Nations looking up to mature democracies for guidance and as models will be stressed and challenged by their mixed records and contemporary challenges. Developing your own democratic system on the basis of peculiarities and needs will sound good in classrooms. In a world where a handful of dominant nations set the rules, issue labels and decide who stays and who goes, it is a lot more complicated. The people of South Sudan, hundreds of whom have fallen to bullets and bombs in the last few weeks will be hard-pressed to link their fate today with the efforts to create for them a democratic system by nations that barely understood the nature of their prolonged conflicts and society. Citizens of Turkey whose nation was, only a few days ago, in what appeared to be in the imminent grasp of military dictatorship will take a while to unravel the meaning and import of what just transpired.

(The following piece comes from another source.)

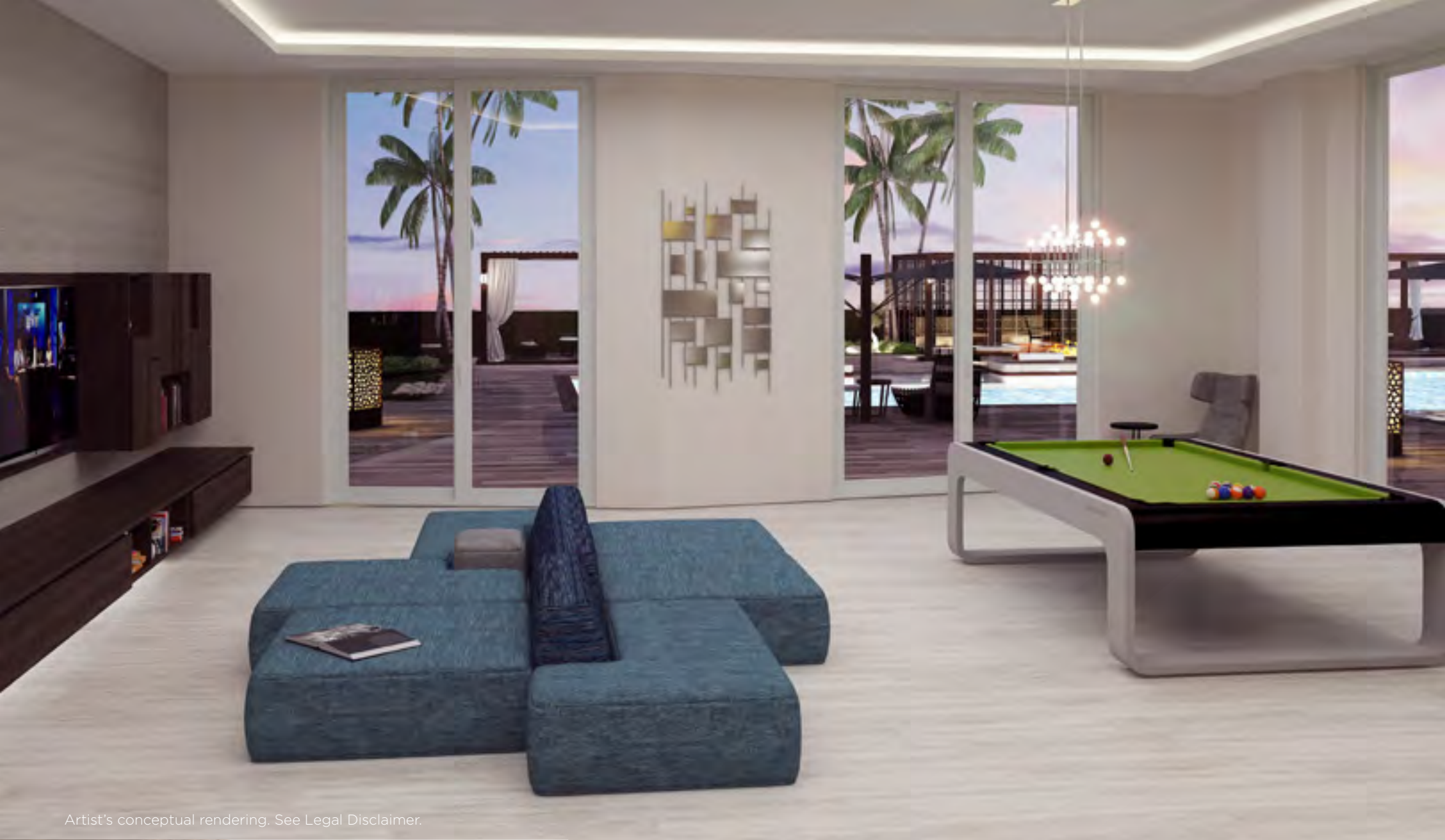
Artist's conceptual rendering. See Legal Disclaimer.

The world over, evidence litters streets, prisons and libraries, of corrupt and despotic elected leaders, and leaders in democracies who dragged their nations to ruins. Millions of citizens bled or died in pursuit of the freedoms and development which democratic systems promise. Many of the same people also bleed under the very democratic systems they struggled to establish. These are difficult days for a global community that will have to come to terms with the reality that democracy as a form of government into which everyone is being shepherded is a lot more complicated and challenging system to run than the textbooks suggest. The perennial contest between a global community of nations on the one hand, and nations which offend the community of mankind on the other will continue to detract from the benefits of democratic systems. The small prints on democratic systems will warn that they have many variations and require time, patience and commitment to develop into imperfect arrangements that are susceptible to setbacks and emergence of severely-limiting contradictions. Managers of our nation's relations with Africa in particular will benefit from a sober reflection on our complacency and poor reading of the dynamics of power. Nigeria's rather embarrassing outing at the recent African Union (AU) Summit should teach us that not all power flows from size, and strength has to be cultivated with vigilance, intelligence and resources.